_Recorded data_
================

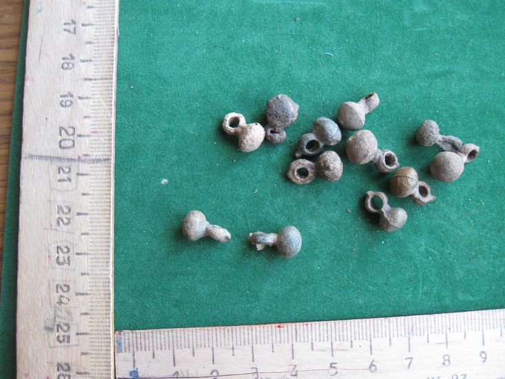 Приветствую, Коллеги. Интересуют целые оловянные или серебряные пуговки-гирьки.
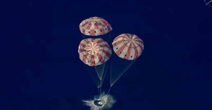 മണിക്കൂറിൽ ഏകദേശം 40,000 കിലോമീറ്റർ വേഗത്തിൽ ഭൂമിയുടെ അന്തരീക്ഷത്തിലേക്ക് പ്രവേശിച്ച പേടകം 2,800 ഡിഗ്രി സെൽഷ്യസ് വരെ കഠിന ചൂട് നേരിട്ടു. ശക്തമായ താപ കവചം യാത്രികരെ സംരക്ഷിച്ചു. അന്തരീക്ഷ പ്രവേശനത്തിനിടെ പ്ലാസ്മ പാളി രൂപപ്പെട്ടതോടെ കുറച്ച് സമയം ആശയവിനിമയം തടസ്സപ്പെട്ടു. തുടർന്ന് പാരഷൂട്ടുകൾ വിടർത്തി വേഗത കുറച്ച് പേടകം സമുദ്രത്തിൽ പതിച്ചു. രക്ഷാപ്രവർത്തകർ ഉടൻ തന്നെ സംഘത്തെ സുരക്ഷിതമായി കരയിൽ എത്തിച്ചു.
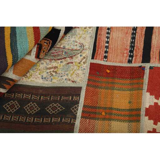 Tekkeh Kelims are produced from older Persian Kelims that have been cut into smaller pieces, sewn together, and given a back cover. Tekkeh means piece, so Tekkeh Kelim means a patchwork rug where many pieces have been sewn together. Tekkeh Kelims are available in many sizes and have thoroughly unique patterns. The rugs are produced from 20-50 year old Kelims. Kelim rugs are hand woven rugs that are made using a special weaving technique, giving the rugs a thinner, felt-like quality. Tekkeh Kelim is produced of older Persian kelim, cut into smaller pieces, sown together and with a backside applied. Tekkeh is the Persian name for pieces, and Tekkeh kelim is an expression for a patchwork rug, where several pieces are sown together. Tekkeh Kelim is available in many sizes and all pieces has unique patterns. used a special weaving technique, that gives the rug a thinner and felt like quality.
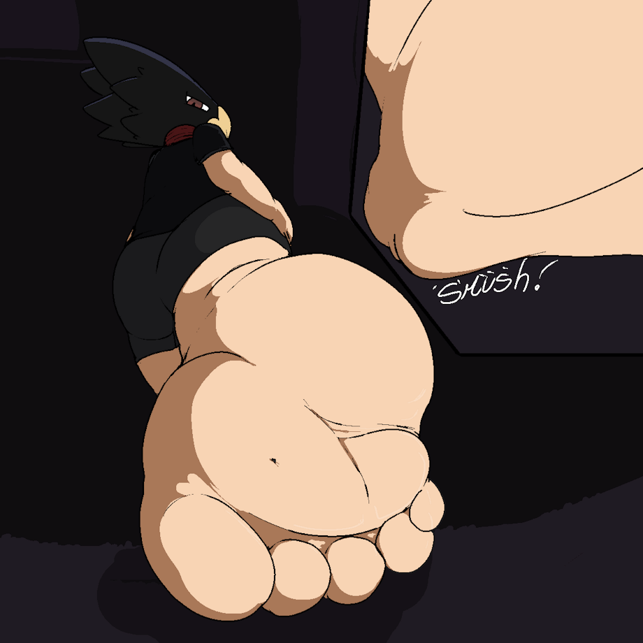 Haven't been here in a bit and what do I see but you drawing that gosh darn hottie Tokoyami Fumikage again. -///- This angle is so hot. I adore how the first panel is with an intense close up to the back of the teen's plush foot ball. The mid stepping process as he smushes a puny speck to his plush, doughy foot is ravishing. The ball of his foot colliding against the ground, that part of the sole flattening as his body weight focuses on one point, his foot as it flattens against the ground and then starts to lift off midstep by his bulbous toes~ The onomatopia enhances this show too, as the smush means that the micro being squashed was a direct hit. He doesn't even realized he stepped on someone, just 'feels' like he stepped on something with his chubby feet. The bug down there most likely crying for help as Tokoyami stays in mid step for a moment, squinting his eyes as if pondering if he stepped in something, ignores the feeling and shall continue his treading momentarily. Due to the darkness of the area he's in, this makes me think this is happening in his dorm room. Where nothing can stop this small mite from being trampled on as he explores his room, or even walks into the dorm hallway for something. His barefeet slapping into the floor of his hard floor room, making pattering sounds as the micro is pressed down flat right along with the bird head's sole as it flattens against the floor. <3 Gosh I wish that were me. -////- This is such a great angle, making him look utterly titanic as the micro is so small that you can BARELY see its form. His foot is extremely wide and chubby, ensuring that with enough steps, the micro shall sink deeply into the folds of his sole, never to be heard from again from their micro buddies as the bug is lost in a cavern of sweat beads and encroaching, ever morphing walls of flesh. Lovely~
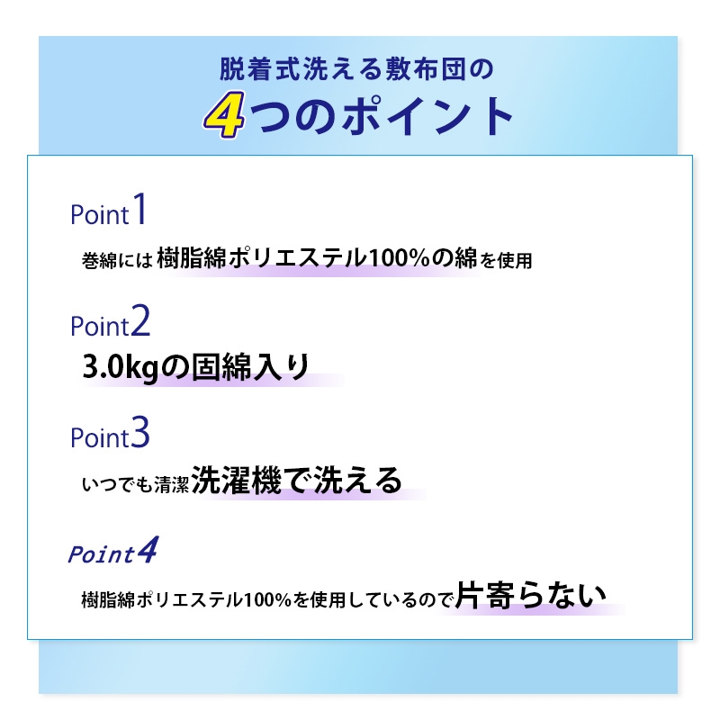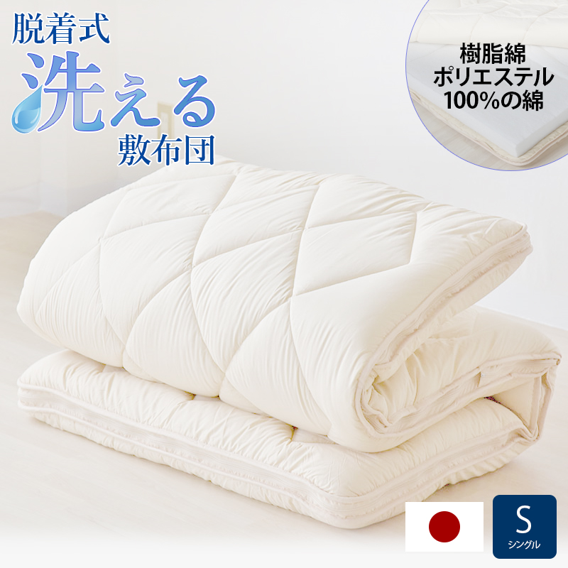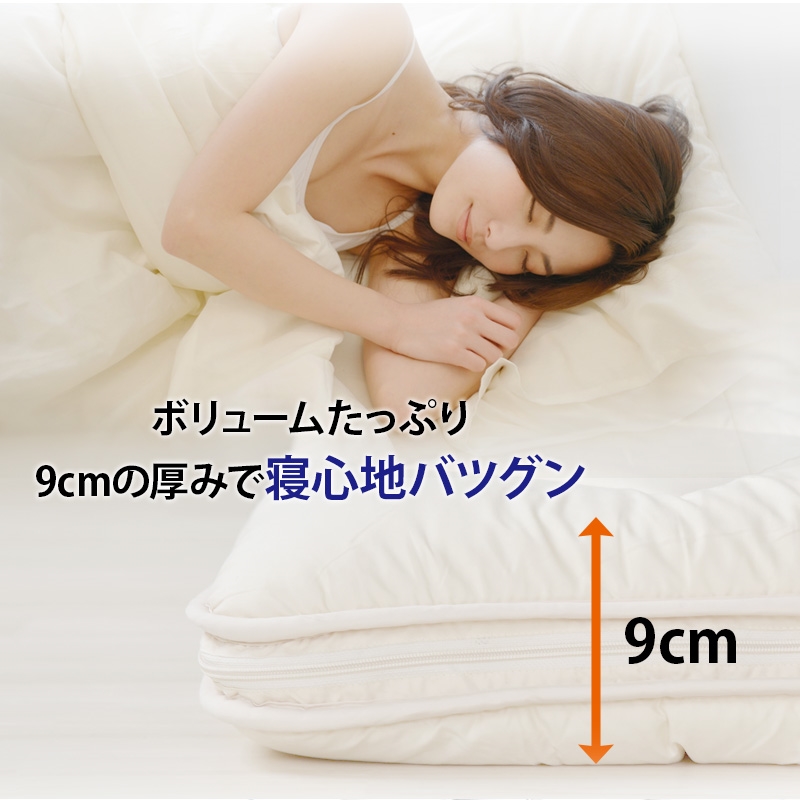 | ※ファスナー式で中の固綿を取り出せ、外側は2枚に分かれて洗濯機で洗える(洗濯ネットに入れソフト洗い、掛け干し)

================

_Exercise description_
Word for word, quote the full listing, omitting every picture.

_Answer to this task_
 Приветствую, Коллеги. Интересуют целые оловянные или серебряные пуговки-гирьки.
 മണിക്കൂറിൽ ഏകദേശം 40,000 കിലോമീറ്റർ വേഗത്തിൽ ഭൂമിയുടെ അന്തരീക്ഷത്തിലേക്ക് പ്രവേശിച്ച പേടകം 2,800 ഡിഗ്രി സെൽഷ്യസ് വരെ കഠിന ചൂട് നേരിട്ടു. ശക്തമായ താപ കവചം യാത്രികരെ സംരക്ഷിച്ചു. അന്തരീക്ഷ പ്രവേശനത്തിനിടെ പ്ലാസ്മ പാളി രൂപപ്പെട്ടതോടെ കുറച്ച് സമയം ആശയവിനിമയം തടസ്സപ്പെട്ടു. തുടർന്ന് പാരഷൂട്ടുകൾ വിടർത്തി വേഗത കുറച്ച് പേടകം സമുദ്രത്തിൽ പതിച്ചു. രക്ഷാപ്രവർത്തകർ ഉടൻ തന്നെ സംഘത്തെ സുരക്ഷിതമായി കരയിൽ എത്തിച്ചു.
 Tekkeh Kelims are produced from older Persian Kelims that have been cut into smaller pieces, sewn together, and given a back cover. Tekkeh means piece, so Tekkeh Kelim means a patchwork rug where many pieces have been sewn together. Tekkeh Kelims are available in many sizes and have thoroughly unique patterns. The rugs are produced from 20-50 year old Kelims. Kelim rugs are hand woven rugs that are made using a special weaving technique, giving the rugs a thinner, felt-like quality. Tekkeh Kelim is produced of older Persian kelim, cut into smaller pieces, sown together and with a backside applied. Tekkeh is the Persian name for pieces, and Tekkeh kelim is an expression for a patchwork rug, where several pieces are sown together. Tekkeh Kelim is available in many sizes and all pieces has unique patterns. used a special weaving technique, that gives the rug a thinner and felt like quality.
 Haven't been here in a bit and what do I see but you drawing that gosh darn hottie Tokoyami Fumikage again. -///- This angle is so hot. I adore how the first panel is with an intense close up to the back of the teen's plush foot ball. The mid stepping process as he smushes a puny speck to his plush, doughy foot is ravishing. The ball of his foot colliding against the ground, that part of the sole flattening as his body weight focuses on one point, his foot as it flattens against the ground and then starts to lift off midstep by his bulbous toes~ The onomatopia enhances this show too, as the smush means that the micro being squashed was a direct hit. He doesn't even realized he stepped on someone, just 'feels' like he stepped on something with his chubby feet. The bug down there most likely crying for help as Tokoyami stays in mid step for a moment, squinting his eyes as if pondering if he stepped in something, ignores the feeling and shall continue his treading momentarily. Due to the darkness of the area he's in, this makes me think this is happening in his dorm room. Where nothing can stop this small mite from being trampled on as he explores his room, or even walks into the dorm hallway for something. His barefeet slapping into the floor of his hard floor room, making pattering sounds as the micro is pressed down flat right along with the bird head's sole as it flattens against the floor. <3 Gosh I wish that were me. -////- This is such a great angle, making him look utterly titanic as the micro is so small that you can BARELY see its form. His foot is extremely wide and chubby, ensuring that with enough steps, the micro shall sink deeply into the folds of his sole, never to be heard from again from their micro buddies as the bug is lost in a cavern of sweat beads and encroaching, ever morphing walls of flesh. Lovely~
 | ※ファスナー式で中の固綿を取り出せ、外側は2枚に分かれて洗濯機で洗える(洗濯ネットに入れソフト洗い、掛け干し)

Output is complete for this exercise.